### REQUIRED ACTION
When a picture appears in the listing, leave it out and copy the rest exactly as it stands.
---- GIVEN INFORMATION
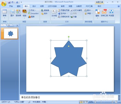 点击插入菜单,选择外形东西中的七角星;
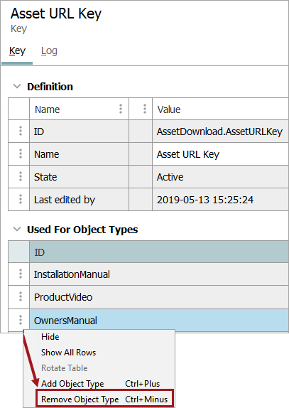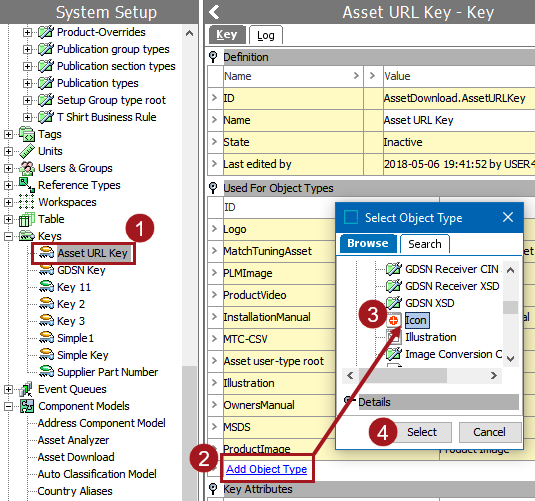- Return to the Asset URL Key and click the 'Add Object Type' hyperlink under the 'Used for Object Types' flipper on the Key tab.
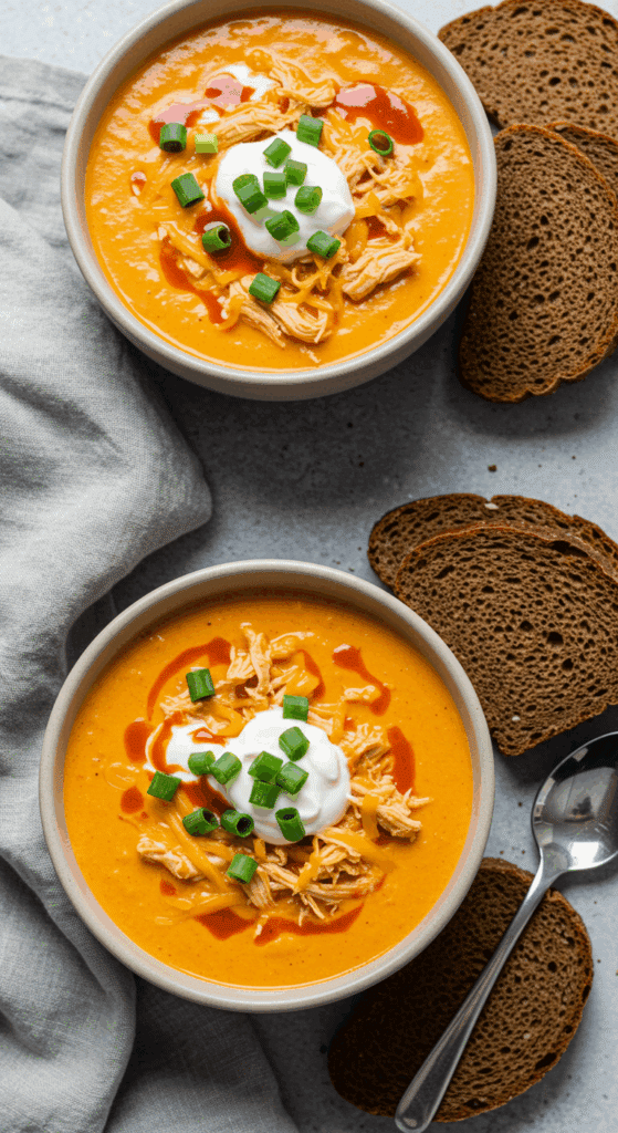 - Cheesy Buffalo Soup: Stir in ½ cup shredded cheddar or blue cheese crumbles after cooking for a cheesier texture.
--------
### YOUR RESPONSE
 点击插入菜单,选择外形东西中的七角星;
- Return to the Asset URL Key and click the 'Add Object Type' hyperlink under the 'Used for Object Types' flipper on the Key tab.
 - Cheesy Buffalo Soup: Stir in ½ cup shredded cheddar or blue cheese crumbles after cooking for a cheesier texture.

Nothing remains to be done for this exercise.